In the case of the Industry R&D Board v Phai See Investments Pty Ltd [2001] and Industry Research and Development Board v Mainstar One Holding Pty Ltd [2001], the federal court ruled in favour of Phai See and allowed Mainstar’s application.
Background:
Phai See and Mainstar applied to the IR&D Board for registration in respect of the year of income ended 30 June 1996, resulting in each application being refused.
Applications were made to the AAT for a review of the IR&D Board’s decisions pursuant to s 39T of the Act.
The AAT found that Phai See was entitled to registration in the relevant year, but that Mainstar was not.
The IR&D Board “appeals” to the Federal Court from AAT’s decision insofar as it concerns Phai See.

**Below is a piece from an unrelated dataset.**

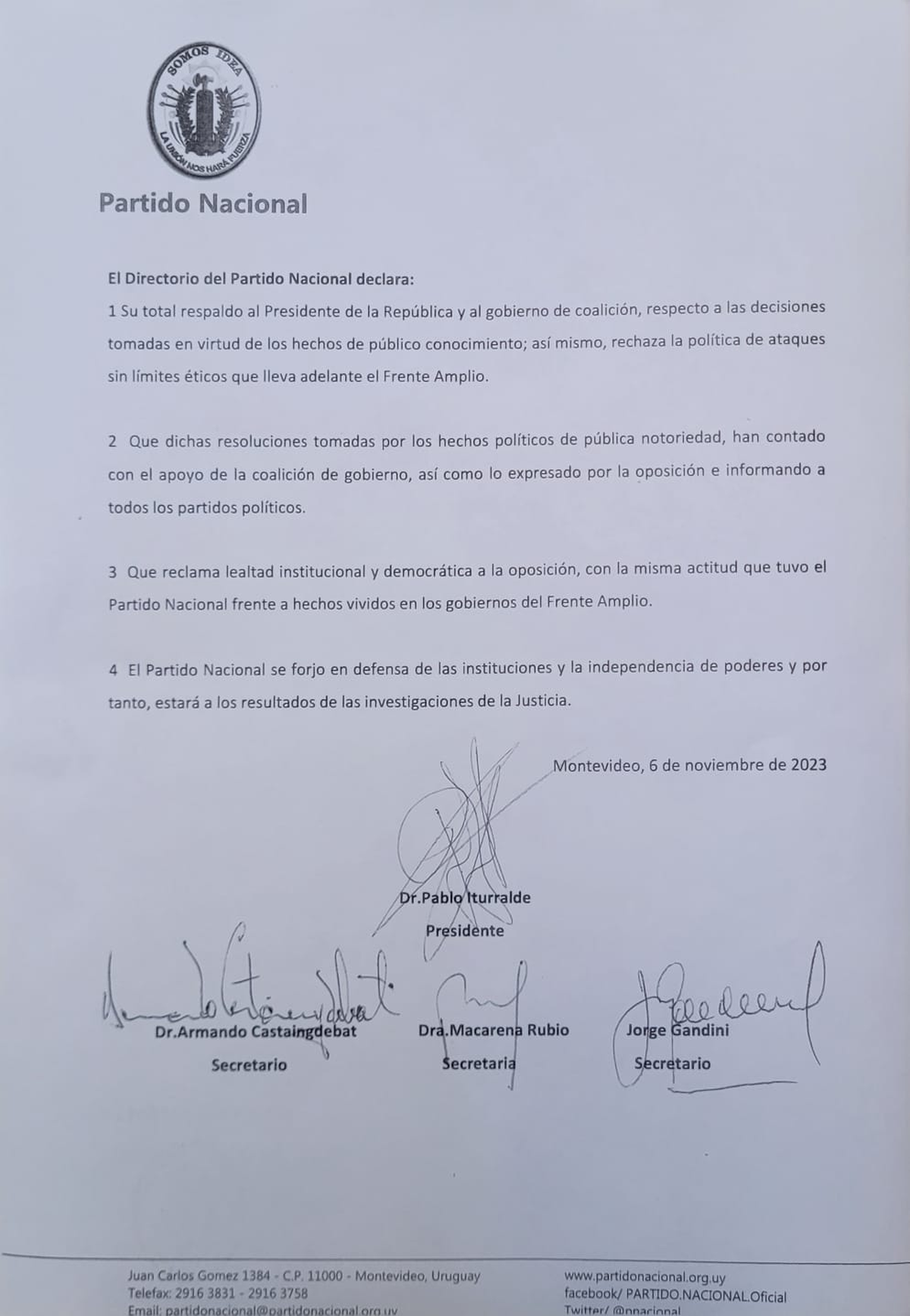 El Partido Nacional emitió una declaración de “total respaldo al presidente y al gobierno” con las decisiones tomadas como derivaciones políticas del caso Marset.

Mainstar also “appeals” to the Federal Court pursuant to s 44 insofar as AAT affirmed the Board’s decision not to register Mainstar.
Decision:
The IR&D Board’s appeal against the decision of the AAT that Phai See was entitled to registration for the relevant year will be dismissed with costs, resulting in a loss for the IR&D Board.
Mainstar’s appeal is allowed; the decision not to register Mainstar as an eligible company under s 39J of the Industry Research and Development Act 1986 is set aside and the matter is remitted to AAT to be determined in accordance with law.
The AAT applied the correct legal test and concluded that R&D activities claimed by Phai See were directly related to the carrying on of the core activities. AAT does not explain why it rejected the case which was articulated by Mainstar. A failure to give adequate reasons is an error of law, and the matter must be remitted to AAT for further consideration.